BUENOS AIRES, Argentina — The International Monetary Fund disbursed on Tuesday the first installment of Argentina's new $20 billion bailout after President Javier Milei removed most of Argentina's strict capital and currency controls. For years, the restrictions had set the official exchange rate and barred companies and individuals from moving money freely.
The reserves in the Central Bank of Argentina reached $36.8 billion on Tuesday, their highest in two years, the monetary authority said, giving Milei the firepower he'd needed to lift the controls. The injection of fresh funds started the clock on Milei's high-stakes gamble to unwind a highly distorted currency market and steer the nation's notoriously volatile economy toward the revival he'd promised would follow the pain of austerity.

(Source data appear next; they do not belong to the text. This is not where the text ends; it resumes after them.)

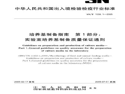 SN/T1538培养基制备南分为两个部分:第1部分:实验室培紧基制备质量证猫购第2部分;培养基性能洲试实用指南SN/T 1538. 1—2005
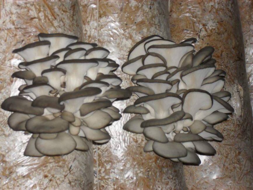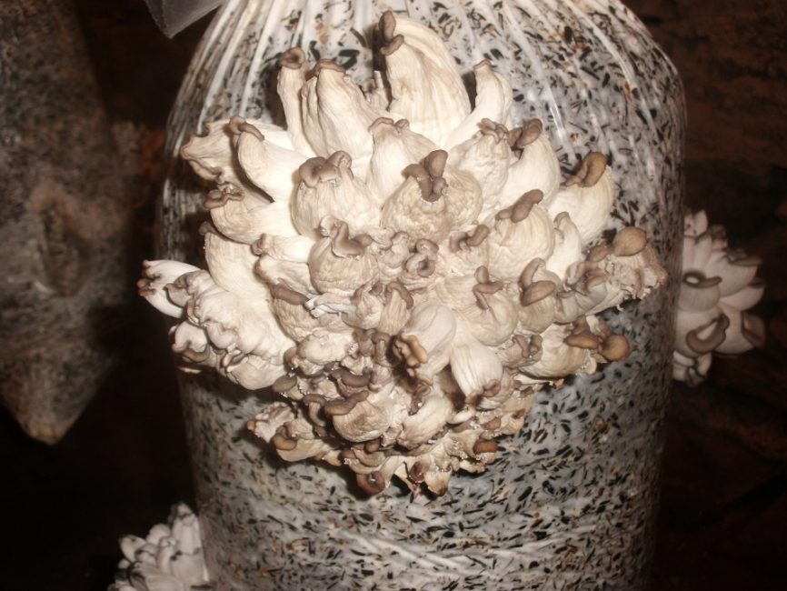 Якщо все зроблено правильно і умови дотримані, через кілька днів з’являються перші плодові тіла грибів. Саме час плодоношення складає від 1.5 до 2 тижнів.
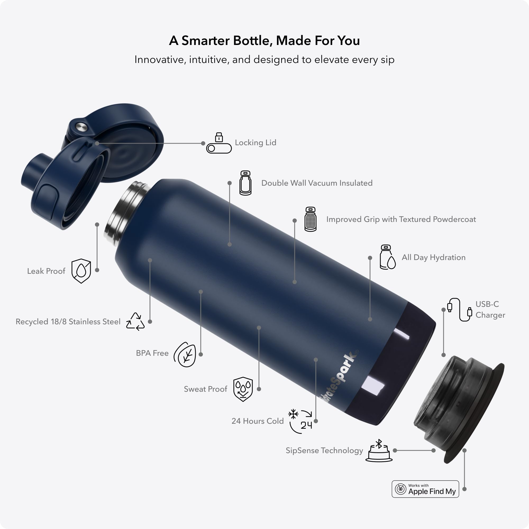 AUTOMATIC HYDRATION TRACKING – SipSense powered sensor uses advanced weight sensing to track every sip and syncs to the app to count toward your daily hydration goal. USB-C rechargeable with up to 21 days of battery life per charge.
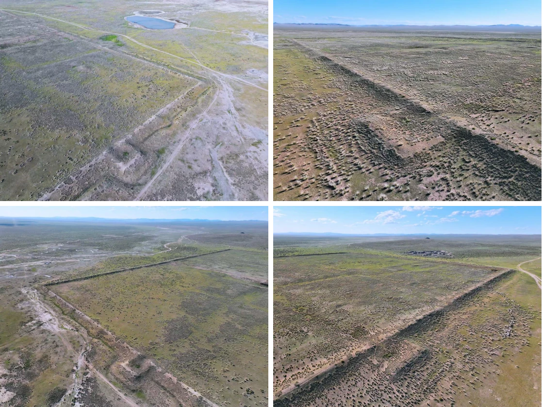 图5 青陶勒盖城址 南城 南城门遗迹(左上);南城 西城门遗迹(右上); 南城 东城门遗迹(左下);北城 东城门遗迹(右下)
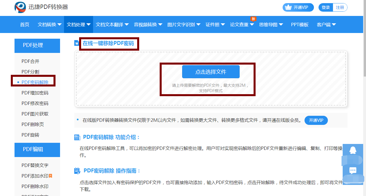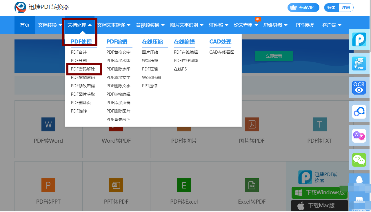 第一步:在百度上搜索“迅捷PDF转换器在线网站”,进入网页后,我们先后点击上方的“文档处理”—“PDF处理—”“PDF密码解除”。

At a news conference beside visiting U.S. Treasury Secretary Scott Bessent, Milei was ebullient as he proclaimed on Monday, when the controls lifted, the Argentine version of President Donald Trump's ''Liberation Day.''
''After 15 years of capital controls, we have cast off the anvil to which we were chained,'' he said.

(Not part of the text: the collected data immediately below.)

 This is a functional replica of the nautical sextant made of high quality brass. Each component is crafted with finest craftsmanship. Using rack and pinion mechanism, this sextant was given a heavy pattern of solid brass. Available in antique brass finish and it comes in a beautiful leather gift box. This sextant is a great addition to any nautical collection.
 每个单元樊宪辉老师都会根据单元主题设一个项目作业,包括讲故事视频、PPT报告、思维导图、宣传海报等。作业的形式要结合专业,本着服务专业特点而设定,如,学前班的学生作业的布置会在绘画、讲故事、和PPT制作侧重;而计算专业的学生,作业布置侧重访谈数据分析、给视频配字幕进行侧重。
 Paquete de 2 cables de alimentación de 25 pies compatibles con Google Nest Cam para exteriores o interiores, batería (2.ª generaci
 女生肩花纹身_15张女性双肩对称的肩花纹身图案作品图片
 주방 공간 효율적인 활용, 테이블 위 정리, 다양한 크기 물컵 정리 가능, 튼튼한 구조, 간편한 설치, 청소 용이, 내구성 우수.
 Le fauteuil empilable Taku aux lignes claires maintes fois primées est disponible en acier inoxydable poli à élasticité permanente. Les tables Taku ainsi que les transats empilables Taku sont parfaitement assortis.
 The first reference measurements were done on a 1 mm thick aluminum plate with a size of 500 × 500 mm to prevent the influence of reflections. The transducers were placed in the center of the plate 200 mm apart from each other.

Argentines have been scrambling to understand what this means for them, their radical libertarian president and the wider world.
What are currency controls?
First implemented in 2011 during the populist administration of then-President Cristina Fernández de Kirchner, the half-dozen critical regulations limit access to foreign currency as a safeguard against capital flight.
Until Monday, the restrictions — popularly known as ''el cepo'' or ''the trap" — made it almost impossible for companies to send profits abroad and for Argentines to purchase dollars. Foreign investment dried up. The central bank burned through its precious currency reserves to shore up the peso, creating multiple exchange rates and a vast black market.